DIRECTIONS ->
Print only the lines running from the line with "Personalized Hearts Paw" to the final line below, both included, exactly as written and without the pictures.

──────────────────────────────

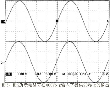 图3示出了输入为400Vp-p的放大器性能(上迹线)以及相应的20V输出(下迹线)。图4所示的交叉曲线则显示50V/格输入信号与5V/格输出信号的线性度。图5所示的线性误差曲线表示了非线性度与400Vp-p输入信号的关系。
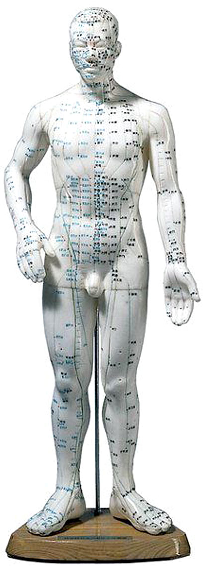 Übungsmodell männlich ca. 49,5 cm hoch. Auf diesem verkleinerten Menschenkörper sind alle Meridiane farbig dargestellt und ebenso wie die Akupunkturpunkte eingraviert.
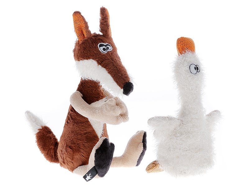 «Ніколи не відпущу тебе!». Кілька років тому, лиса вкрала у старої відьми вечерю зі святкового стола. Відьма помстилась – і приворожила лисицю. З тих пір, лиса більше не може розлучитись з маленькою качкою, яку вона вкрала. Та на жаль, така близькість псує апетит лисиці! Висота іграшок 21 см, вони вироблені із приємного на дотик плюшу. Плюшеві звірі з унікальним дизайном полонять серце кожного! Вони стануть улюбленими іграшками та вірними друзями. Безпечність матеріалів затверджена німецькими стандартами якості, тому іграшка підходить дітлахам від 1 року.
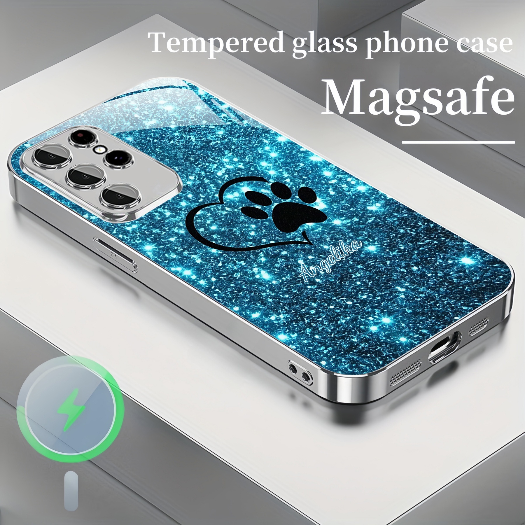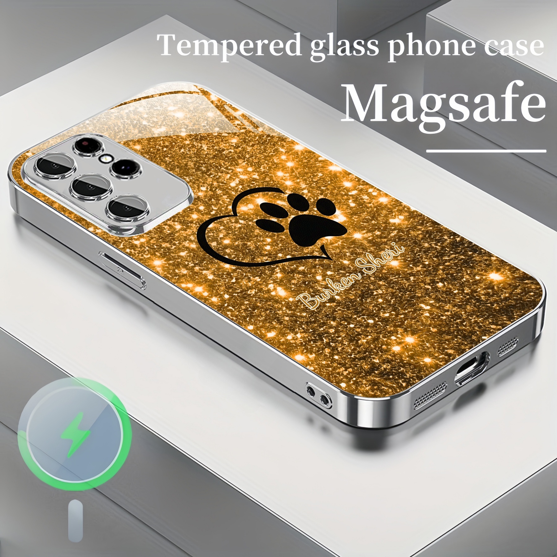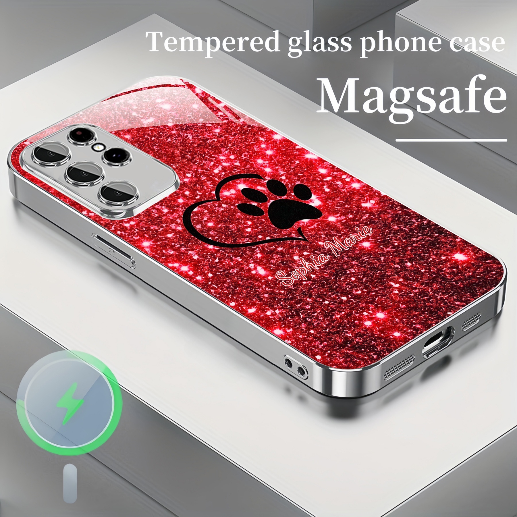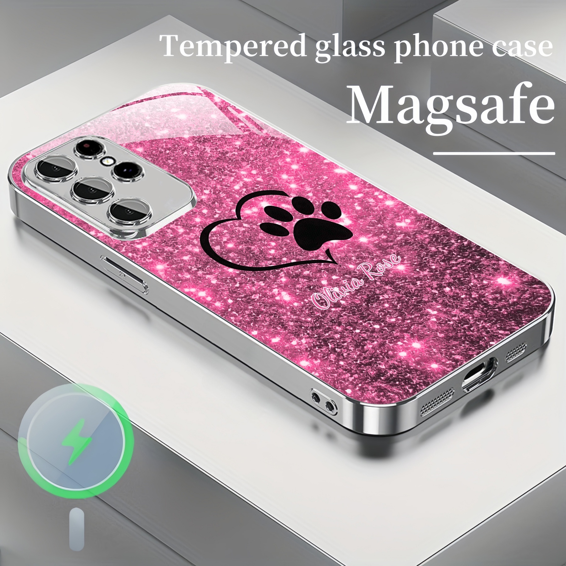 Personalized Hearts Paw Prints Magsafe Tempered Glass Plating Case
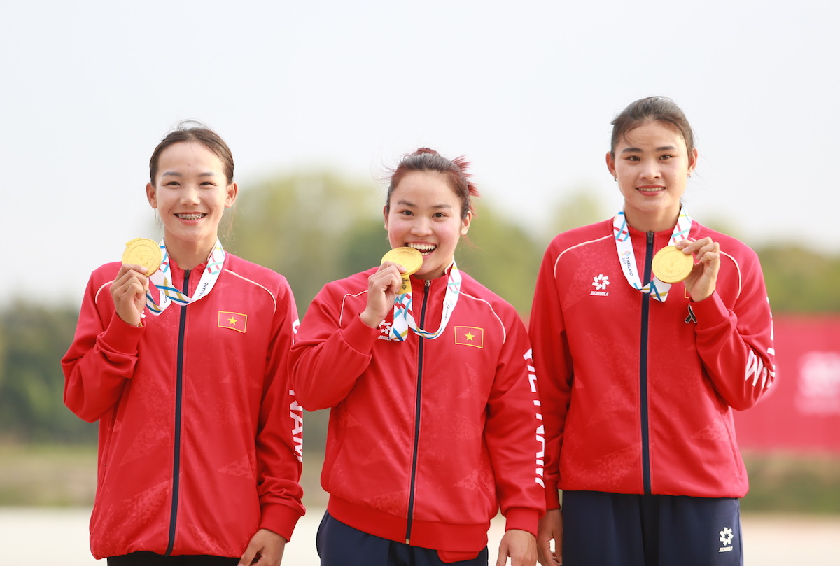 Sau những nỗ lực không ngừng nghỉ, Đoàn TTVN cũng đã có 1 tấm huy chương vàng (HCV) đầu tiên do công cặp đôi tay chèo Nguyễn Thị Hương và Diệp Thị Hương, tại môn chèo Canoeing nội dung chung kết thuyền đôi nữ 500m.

──────────────────────────────

EXERCISE RESPONSE ->
 Personalized Hearts Paw Prints Magsafe Tempered Glass Plating Case
 Sau những nỗ lực không ngừng nghỉ, Đoàn TTVN cũng đã có 1 tấm huy chương vàng (HCV) đầu tiên do công cặp đôi tay chèo Nguyễn Thị Hương và Diệp Thị Hương, tại môn chèo Canoeing nội dung chung kết thuyền đôi nữ 500m.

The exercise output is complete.